Association analysis
Case-control association tests were performed using a linear mixed model as implemented in MMM15. A covariance matrix, R, of a random effects component was included in the model to explicitly account for confounding due to population stratification and cryptic relatedness between individuals. This method has been shown to better control for population stratification than correction for principal components or meta-analyses of matched subgroups of cases and controls48-50. R is a symmetric n×n matrix with each entry representing the relative sharing of alleles between two individuals compared to the average in the sample, and is typically estimated using genome-wide SNP data15. To avoid biases in the estimation of R due to the design of the Immunochip, SNPs were first pruned for LD (r2<0.1). Of the remaining SNPs, we then removed those that lie in the HLA region or have a minor allele frequency<10%. Finally, we excluded SNPs that showed modest association (P<0.005) with PSC in a linear regression model fitting the first 10 principal components as covariates. A total of 17,260 SNPs were used to estimate R.
Due to computational limitations, we estimated the R matrix and performed all association analyses applying R separately for UK (n=9,696) and non-UK (n=19,172) samples, and then combined the results using a fixed-effects (inverse-variance weighting) meta-analysis, as done previously48. This reduced the λGC, estimated using the 2,544 “null” SNPS, from 1.24 to 1.02 (Supplementary Fig. 14), showing excellent control for population stratification. Stepwise conditional regression was used to identify possible independent associations at genome-wide significant loci. SNP×SNP interactions between all pairs of genome-wide significant SNPs were tested using the PLINK --epistasis command. Signal intensity plots of all non-HLA loci with association P-value<5×10−6 were visually inspected using Evoker51. SNPs that clustered poorly were removed (n=798).
Prediction of PSC using IBD SNPs
ORs for Crohn’s disease and ulcerative colitis in 163 IBD-associated SNPs were obtained from Jostins et al.22. We used the R package Mangrove (see URLs) to estimate each individual’s probability of developing PSC among our 3,789 PSC cases and 25,079 controls assuming additive risk (log-additive OR). The performance of our predictor using either Crohn’s disease or ulcerative colitis ORs, was assessed by constructing a ROC curve, showing the proportion of true and false positives at each probability threshold.
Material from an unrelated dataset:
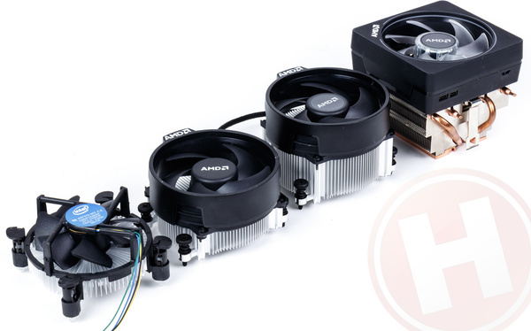 Bij AMD krijg je, afhankelijk van het type processor dat je aanschaft, een van de drie Wraith-koelers. De Wraith Stealth lijkt het meeste op de boxed koelers van Intel, maar zelfs dit relatief simpele model is al 70% zwaarder van gewicht. De Spire is een hogere variant die bovendien een koperen contactplaat voor de cpu heeft, terwijl de Wraith Prism een meer klassieke top-down koeler met een fors koelblok en heatpipes is. Deze bovendien van rgb-verlichting voorziene koeler krijg je alleen bij het topmodel, de Ryzen 7 2700X.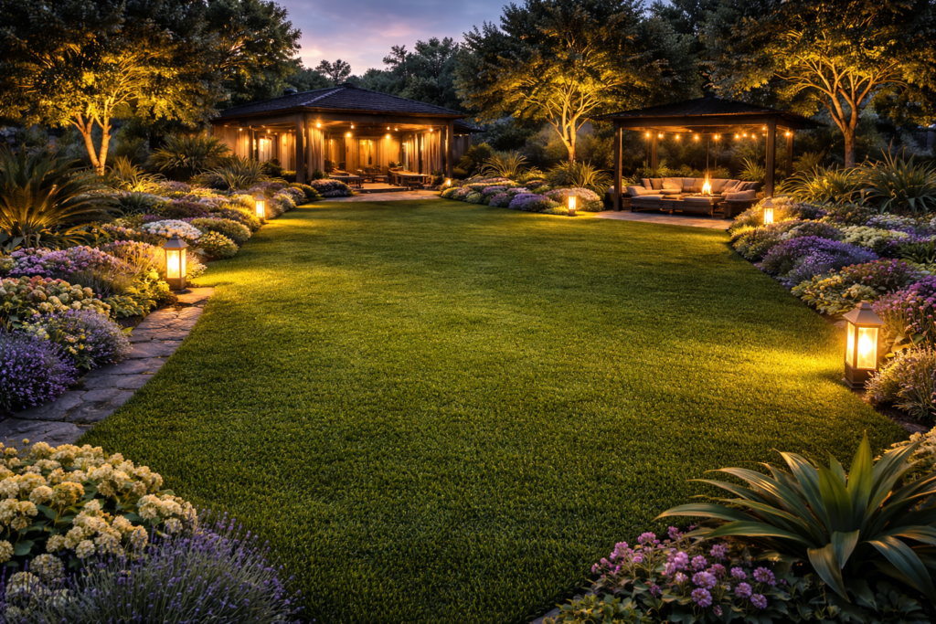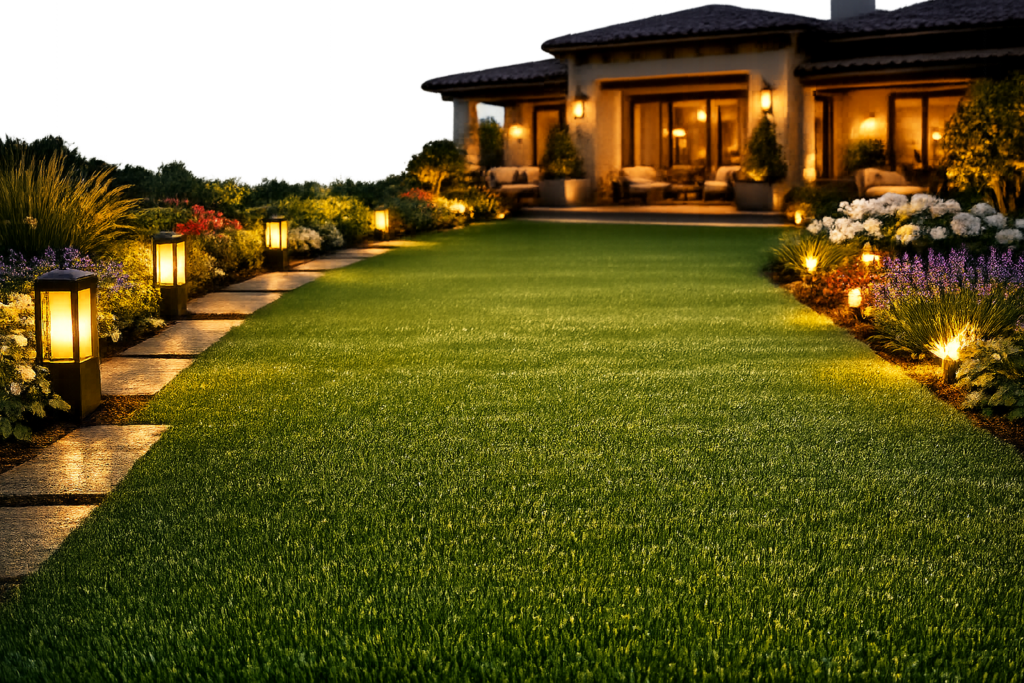Artificial grass is one of the most popular solutions for villa landscaping in Dubai. Homeowners prefer synthetic turf because it maintains a clean and elegant lawn without high maintenance requirements.

The AUC was calculated to compare the predictive power of the ulcerative colitis and Crohn’s disease ORs. The DeLong method was used to test if the AUC was significantly greater using ulcerative colitis than Crohn’s disease ORs52.
Functional similarity networks
In functional similarity networks, each edge represents strong functional similarity of two genes based on annotated Gene Ontology terms as determined by the functional similarity measure rfunSim53. The rfunSim similarity values above the recommended cutoff 0.8 were retrieved using the FunSimMat web service54. The resulting networks were visualized and analyzed using Cytoscape55.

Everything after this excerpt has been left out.